Она вскочила и оделась так быстро, как еще в жизни не одевалась, а он улыбнулся и крикнул ей вдогонку: пусть еще раз хорошенько обдумает, такую уж он берет плату, и все, кто к нему приходит, платят, если не в первый визит, так во второй. Лисси Бойман, однако, больше не пришла. Она еще бегала по врачам, но те расписывали ей величие материнства, поздравляли ее и утешали. Вот так и родился Ганс Бойман. Вся деревня с первого же дня была настроена против него. Все с большим неодобрением смотрели на связь Лисси Бойман с инженером, а Ганс был плодом этой связи.
— Я ничего в этом не смыслю, — сказал Ганс. — Что мне надо делать?
Анна сказала что-то о женитьбе. Ганс снова испугался. Он еще никогда об этом не думал. И стал горячо отговаривать Анну. Он хитро, точно гирляндами, обвивал ее словами и фразами. Жениться, говорил он, он хочет, да, но не под нажимом и не при сложившихся обстоятельствах, это скажется впоследствии при малейшем разладе, если же у них возникнут трудности — а в каких семьях они не возникают? — они начнут ссориться, упрекать друг друга за это давление, брак превратится в бесконечное покаяние за несколько чудесных месяцев, брак превратится в тюрьму, во всяком случае для мужчины, мужчине вольно дышится, если только его поддерживает сознание, что все ему назначенное он избрал добровольно…

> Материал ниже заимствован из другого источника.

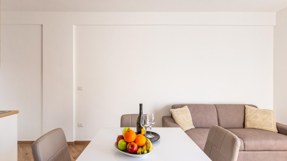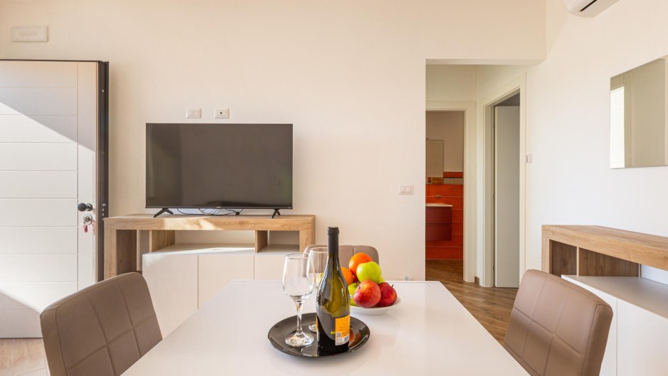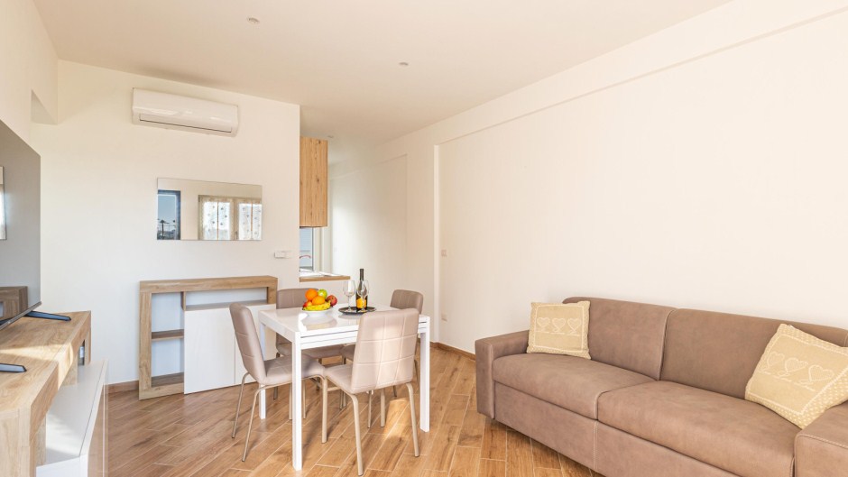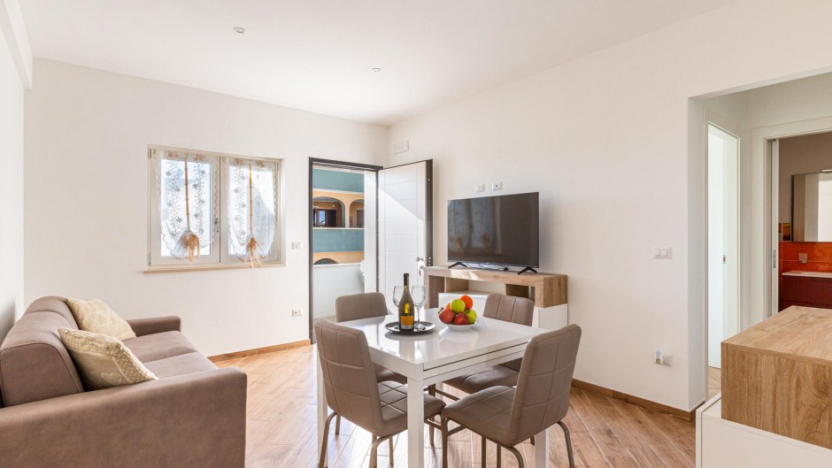 L'ingresso conduce direttamente al luminoso soggiorno, arredato con una sala da pranzo e un comodo divano letto matrimoniale, perfetto per rilassarsi dopo una giornata di sole e mare. La cucina è completamente attrezzata con piano cottura a induzione e tutti gli utensili necessari per preparare deliziose pietanze.

Анна скоро перестала возражать. Особенно когда Ганс упомянул ее мать и глаза филиппсбургского общества, когда он наглядно разъяснил ей, как станут комментировать их бракосочетание, ее ославят, будто она вышла за Ганса только поэтому, а его заподозрят, будто он умышленно довел Анну до ее нынешнего положения, чтобы заполучить ее, он, неимущий, никому не известный журналист, богатую дочь промышленного воротилы, — это раз и навсегда подорвет всякое к нему уважение. Пожениться они и позже успеют, если она захочет, если ее родители будут согласны, если он на деле покажет себя настоящим мужчиной, который имеет право создать собственную семью…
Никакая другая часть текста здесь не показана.